### EXERCISE INSTRUCTIONS:
Could you restate the data below word for word, without its pictures?

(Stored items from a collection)
****************
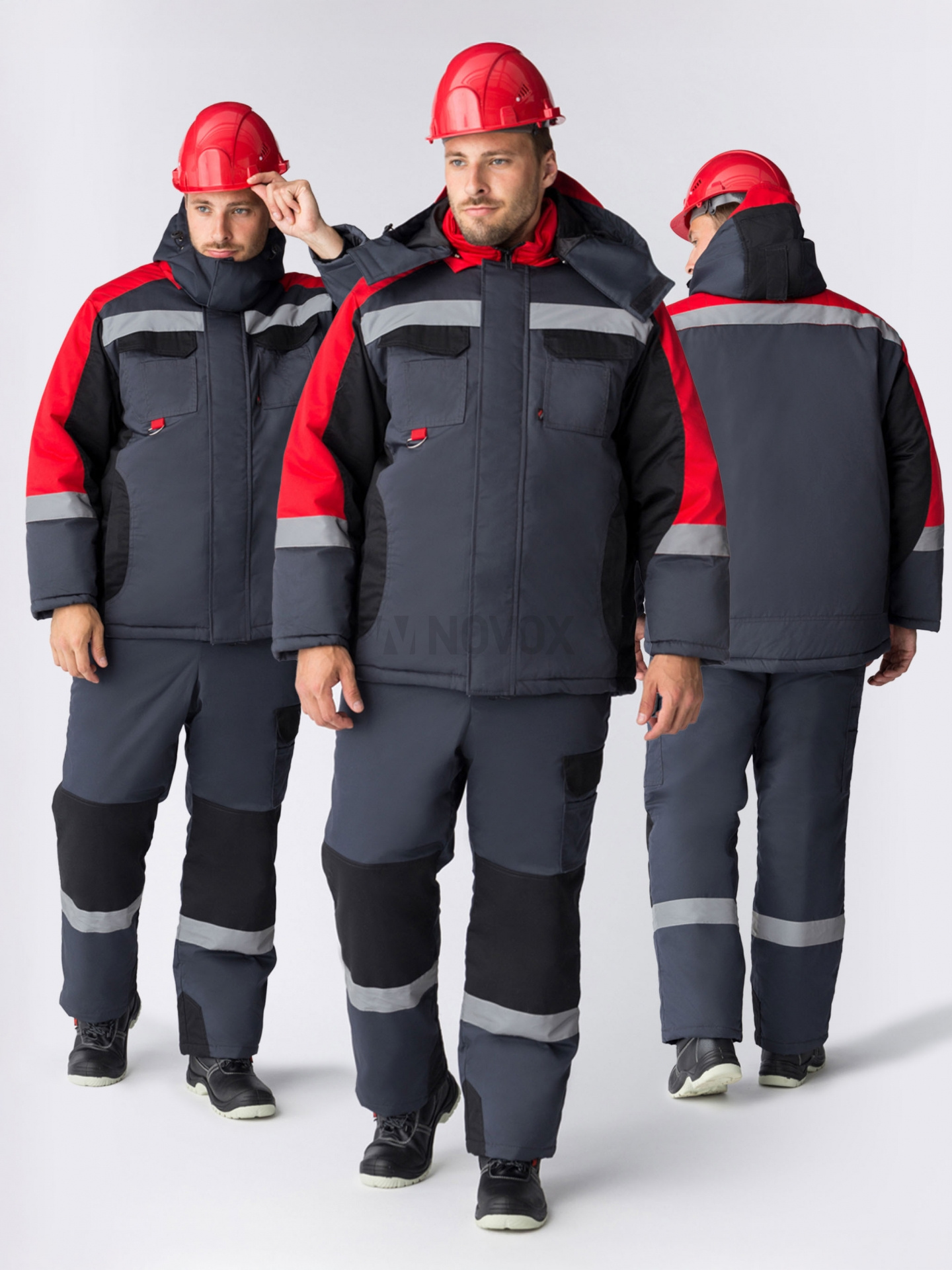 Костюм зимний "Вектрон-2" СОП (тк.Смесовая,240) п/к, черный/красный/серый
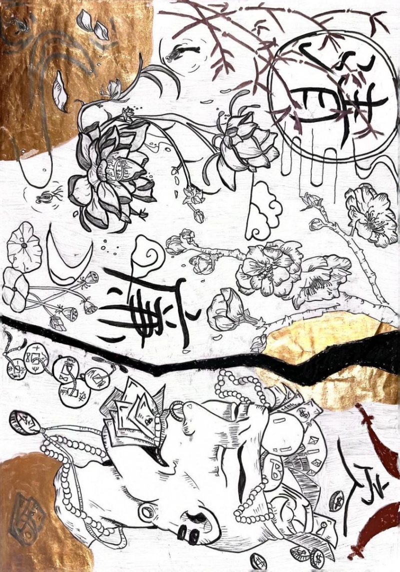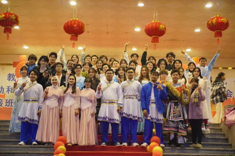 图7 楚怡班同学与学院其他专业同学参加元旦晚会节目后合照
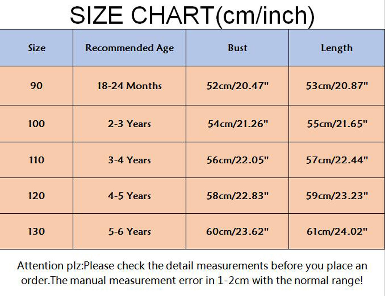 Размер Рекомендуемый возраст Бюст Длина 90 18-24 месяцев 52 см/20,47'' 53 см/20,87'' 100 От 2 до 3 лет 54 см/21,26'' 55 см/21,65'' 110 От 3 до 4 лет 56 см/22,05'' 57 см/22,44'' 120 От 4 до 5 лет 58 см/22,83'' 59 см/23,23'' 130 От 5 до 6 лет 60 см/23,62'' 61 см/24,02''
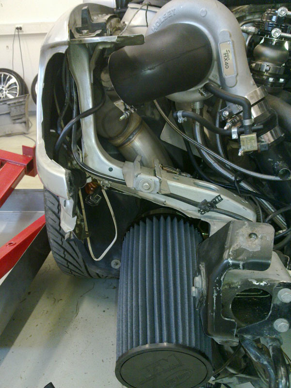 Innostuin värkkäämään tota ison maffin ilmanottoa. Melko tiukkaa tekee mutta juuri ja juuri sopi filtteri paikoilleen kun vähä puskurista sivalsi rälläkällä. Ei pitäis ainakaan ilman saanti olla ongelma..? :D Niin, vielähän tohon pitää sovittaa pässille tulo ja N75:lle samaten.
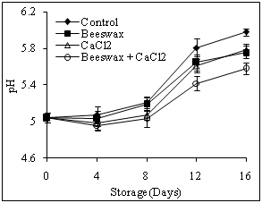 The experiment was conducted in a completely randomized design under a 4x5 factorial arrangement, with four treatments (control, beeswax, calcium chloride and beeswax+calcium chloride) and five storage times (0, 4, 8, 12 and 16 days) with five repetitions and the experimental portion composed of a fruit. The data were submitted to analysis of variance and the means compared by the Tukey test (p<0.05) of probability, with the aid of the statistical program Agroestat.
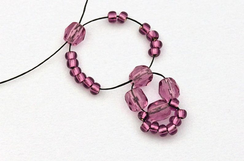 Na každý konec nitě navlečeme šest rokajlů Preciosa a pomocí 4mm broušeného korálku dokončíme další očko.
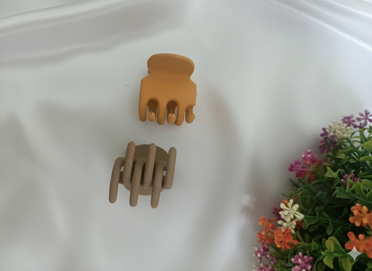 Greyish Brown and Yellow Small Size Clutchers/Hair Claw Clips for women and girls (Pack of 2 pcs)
****************
### ANSWER TO THIS EXERCISE:
 Костюм зимний "Вектрон-2" СОП (тк.Смесовая,240) п/к, черный/красный/серый
 图7 楚怡班同学与学院其他专业同学参加元旦晚会节目后合照
 Размер Рекомендуемый возраст Бюст Длина 90 18-24 месяцев 52 см/20,47'' 53 см/20,87'' 100 От 2 до 3 лет 54 см/21,26'' 55 см/21,65'' 110 От 3 до 4 лет 56 см/22,05'' 57 см/22,44'' 120 От 4 до 5 лет 58 см/22,83'' 59 см/23,23'' 130 От 5 до 6 лет 60 см/23,62'' 61 см/24,02''
 Innostuin värkkäämään tota ison maffin ilmanottoa. Melko tiukkaa tekee mutta juuri ja juuri sopi filtteri paikoilleen kun vähä puskurista sivalsi rälläkällä. Ei pitäis ainakaan ilman saanti olla ongelma..? :D Niin, vielähän tohon pitää sovittaa pässille tulo ja N75:lle samaten.
 The experiment was conducted in a completely randomized design under a 4x5 factorial arrangement, with four treatments (control, beeswax, calcium chloride and beeswax+calcium chloride) and five storage times (0, 4, 8, 12 and 16 days) with five repetitions and the experimental portion composed of a fruit. The data were submitted to analysis of variance and the means compared by the Tukey test (p<0.05) of probability, with the aid of the statistical program Agroestat.
 Na každý konec nitě navlečeme šest rokajlů Preciosa a pomocí 4mm broušeného korálku dokončíme další očko.
 Greyish Brown and Yellow Small Size Clutchers/Hair Claw Clips for women and girls (Pack of 2 pcs)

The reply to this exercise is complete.